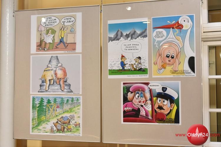 I część pokonkursowej wystawy konkursu na rysunek prasowy im. Aleksandra Wołosa w Galerii Stary Ratusz
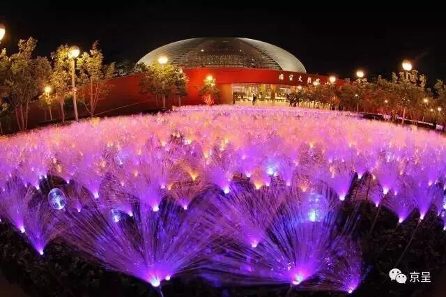 大剧院前,近2300平米的草地上布满各种小喷泉造型的光纤灯管,风中摇摆,如同花海。
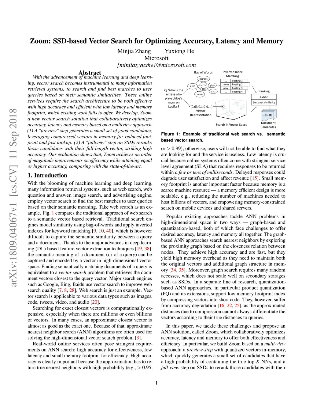 With the advancement of machine learning and deep learning, vector search becomes instrumental to many information retrieval systems, to search and find best matches to user queries based on their semantic similarities.These online services require the search architecture to be both effective with high accuracy and efficient with low latency and memory footprint, which existing work fails to offer. We develop, Zoom, a new vector search solution that collaboratively optimizes accuracy, latency and memory based on a multiview approach. (1) A "preview" step generates a small set of good candidates, leveraging compressed vectors in memory for reduced footprint and fast lookup. (2) A "fullview" step on SSDs reranks those candidates with their full-length vector, striking high accuracy. Our evaluation shows that, Zoom achieves an order of magnitude improvements on efficiency while attaining equal or higher accuracy, comparing with the state-of-the-art.
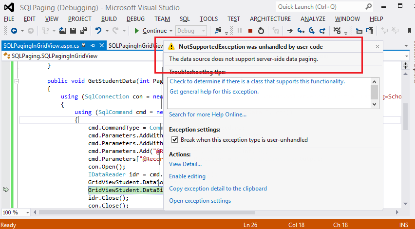 To Avoid this Make sure you are not using any Built in Paging property in your Grid  View ie: AllowPaging or any Paging Event... :)

Work order ::
Return exactly the lines that begin with the one containing "With the advancement" and end with the final line of the data above; include no pictures.

Completed task ::
 With the advancement of machine learning and deep learning, vector search becomes instrumental to many information retrieval systems, to search and find best matches to user queries based on their semantic similarities.These online services require the search architecture to be both effective with high accuracy and efficient with low latency and memory footprint, which existing work fails to offer. We develop, Zoom, a new vector search solution that collaboratively optimizes accuracy, latency and memory based on a multiview approach. (1) A "preview" step generates a small set of good candidates, leveraging compressed vectors in memory for reduced footprint and fast lookup. (2) A "fullview" step on SSDs reranks those candidates with their full-length vector, striking high accuracy. Our evaluation shows that, Zoom achieves an order of magnitude improvements on efficiency while attaining equal or higher accuracy, comparing with the state-of-the-art.
 To Avoid this Make sure you are not using any Built in Paging property in your Grid  View ie: AllowPaging or any Paging Event... :)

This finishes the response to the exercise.